• **What you need to do**:
Set every record down again exactly. Do not carry over the pictures.

Dataset excerpts:
# # # # # # #
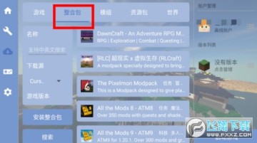 1、FCL启动器最方便的一点就是可以在这里直接下载整合包以及mod,点击整合包栏目即可看到
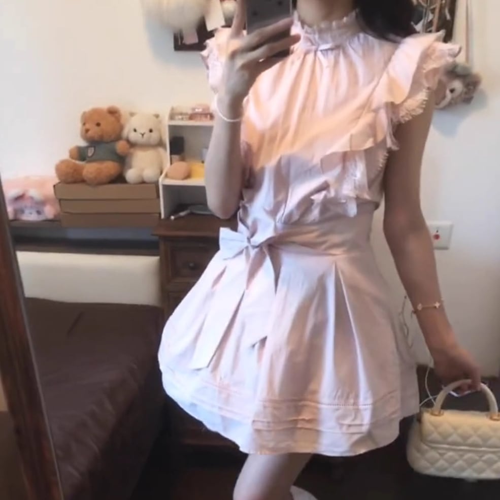 【2点セット】配色リボンヘムフリルワンピ+フリルストラップフレアジャンスカ ・50112
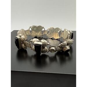 A beautiful and handmade vintage bracelet measuring approx. 7.5 inches. Four onyx warriors along with cabochon onyx insets linked with sterling. Stamped with "Sterling" and makers mark that is too worn to be identified. It is Mexican as recognized by the design. This piece is likely early 20th century. A beautiful example to add to your collection.
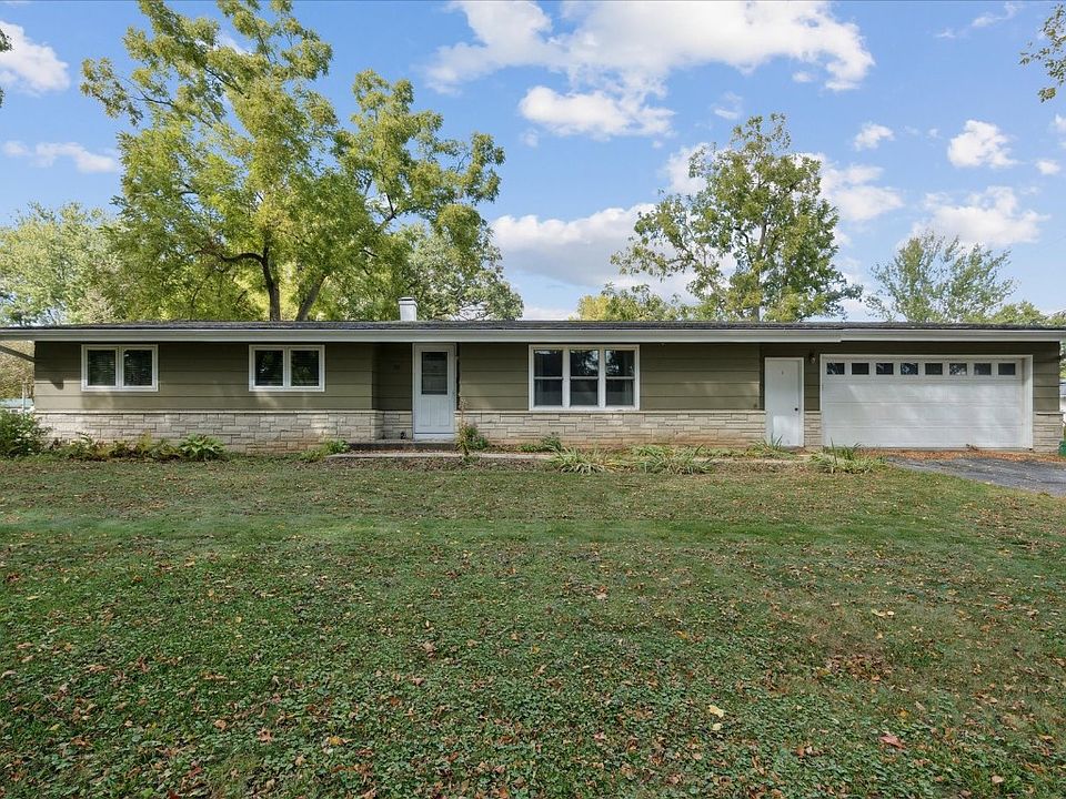 Welcome to this beautiful ranch-style home nestled on a spacious corner lot near parks and local amenities. Boasting large windows & vaulted ceilings, this home is filled with natural light & an open, airy feel throughout. The heart of the home features a generous living room that flows seamlessly into the open-concept dining room & kitchen. Step out from the dining room onto a deck, overlooking the spacious yard. This home offers 3 comfortable bedrooms, including a primary suite with its own private half bath. A full bathroom serves the additional bedrooms & guests. Throughout the main level, you’ll find stunning hickory engineered wood flooring that adds warmth & elegance. The unfinished basement provides ample potential to add to your living space, complete with plumbing in place for a future bathroom. Additional highlights include a 2-stall attached garage. Don’t miss your chance to own this inviting & versatile home.
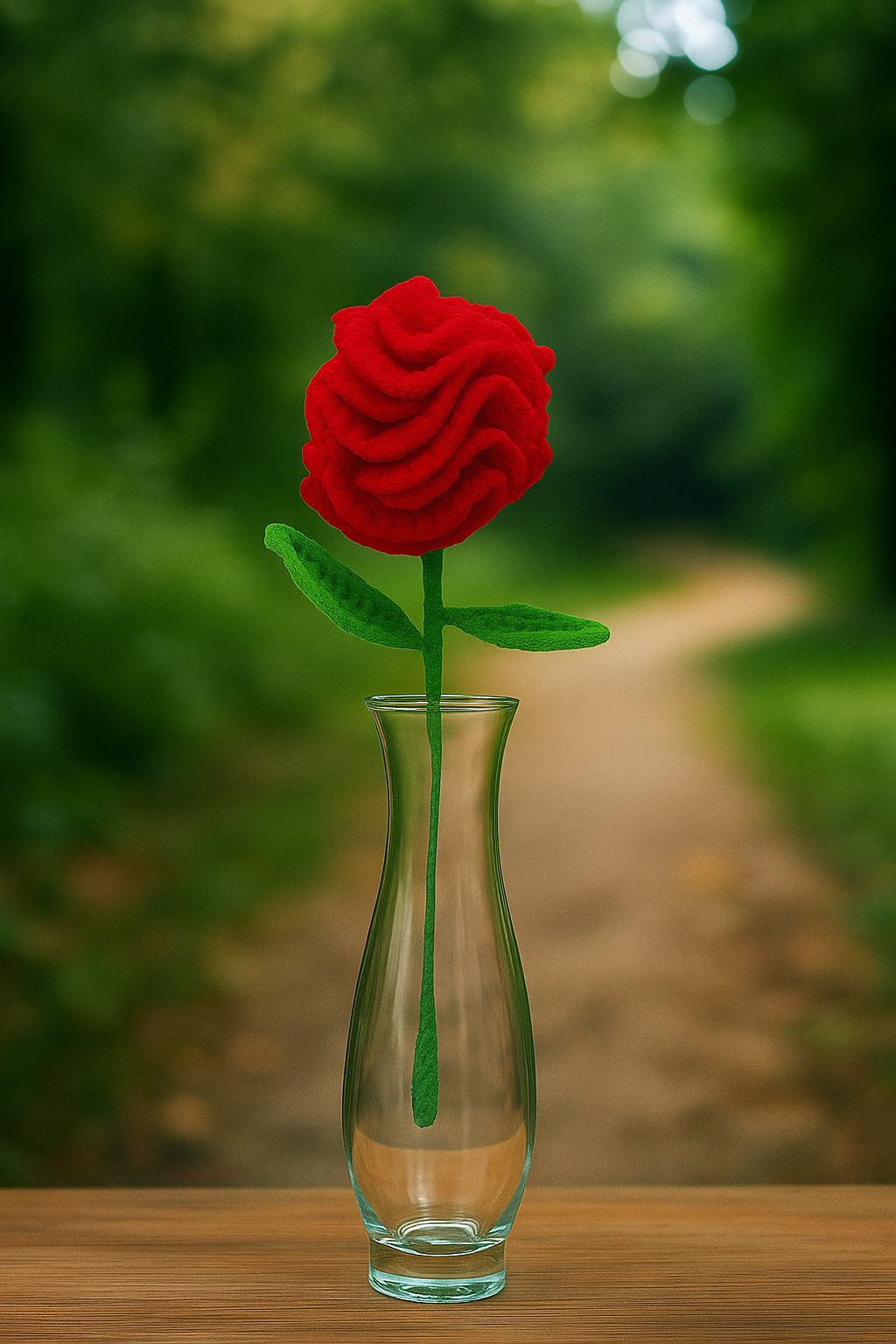 Transform any space with this exquisite handcrafted crochet rose, meticulously created with deep red yarn...
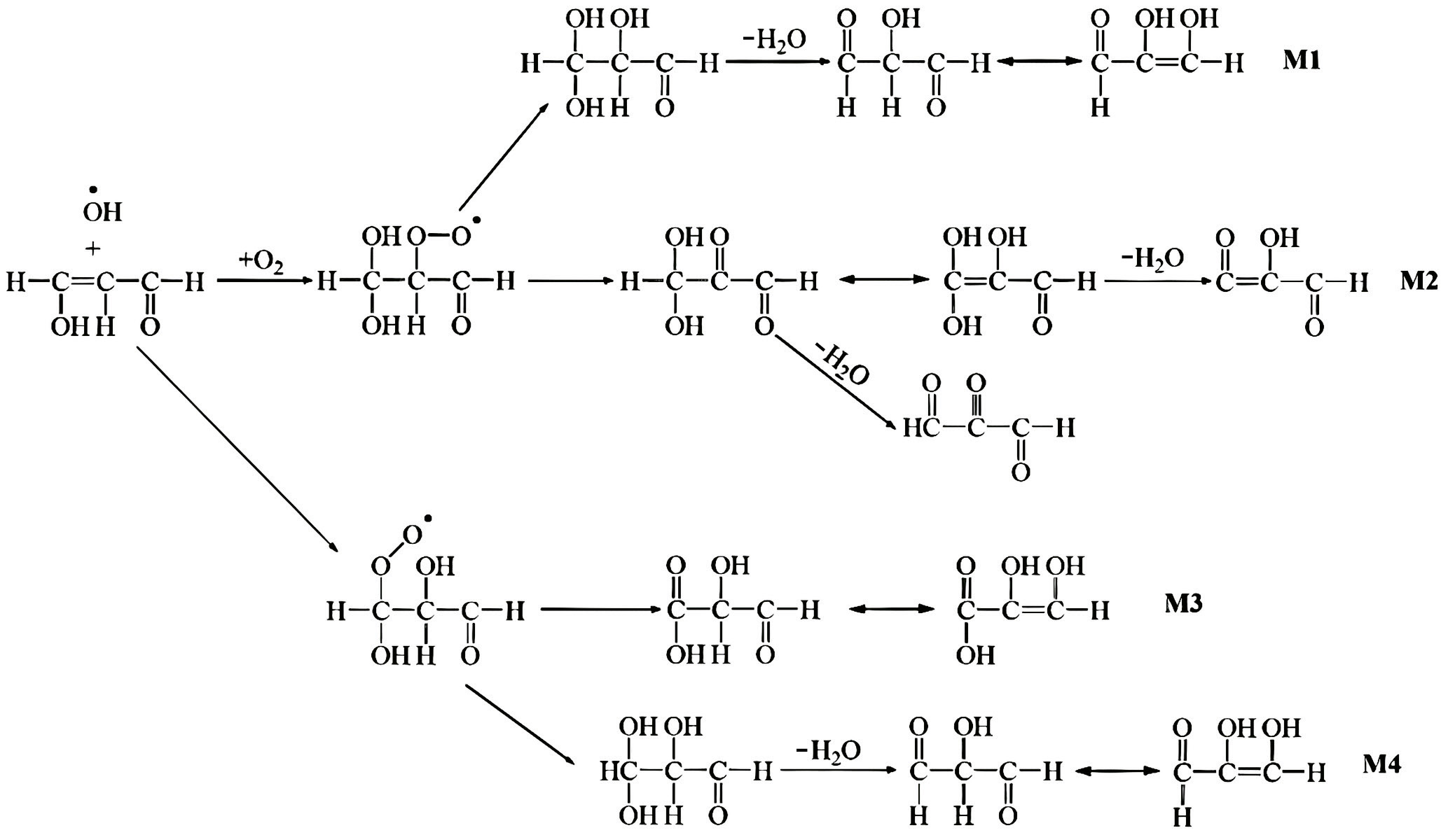 Взаимодействие этих молекул с гидроксильным радикалом приводит к образованию углеродцентрированного радикала с двумя гидроксильными группами. Именно эти радикалы могут быть источником молекул уксусной кислоты после протекания реакции дегидратации с миграцией валентности (реакции (7), (8))
# # # # # # #
• **Answer box**:
 1、FCL启动器最方便的一点就是可以在这里直接下载整合包以及mod,点击整合包栏目即可看到
 【2点セット】配色リボンヘムフリルワンピ+フリルストラップフレアジャンスカ ・50112
 A beautiful and handmade vintage bracelet measuring approx. 7.5 inches. Four onyx warriors along with cabochon onyx insets linked with sterling. Stamped with "Sterling" and makers mark that is too worn to be identified. It is Mexican as recognized by the design. This piece is likely early 20th century. A beautiful example to add to your collection.
 Welcome to this beautiful ranch-style home nestled on a spacious corner lot near parks and local amenities. Boasting large windows & vaulted ceilings, this home is filled with natural light & an open, airy feel throughout. The heart of the home features a generous living room that flows seamlessly into the open-concept dining room & kitchen. Step out from the dining room onto a deck, overlooking the spacious yard. This home offers 3 comfortable bedrooms, including a primary suite with its own private half bath. A full bathroom serves the additional bedrooms & guests. Throughout the main level, you’ll find stunning hickory engineered wood flooring that adds warmth & elegance. The unfinished basement provides ample potential to add to your living space, complete with plumbing in place for a future bathroom. Additional highlights include a 2-stall attached garage. Don’t miss your chance to own this inviting & versatile home.
 Transform any space with this exquisite handcrafted crochet rose, meticulously created with deep red yarn...
 Взаимодействие этих молекул с гидроксильным радикалом приводит к образованию углеродцентрированного радикала с двумя гидроксильными группами. Именно эти радикалы могут быть источником молекул уксусной кислоты после протекания реакции дегидратации с миграцией валентности (реакции (7), (8))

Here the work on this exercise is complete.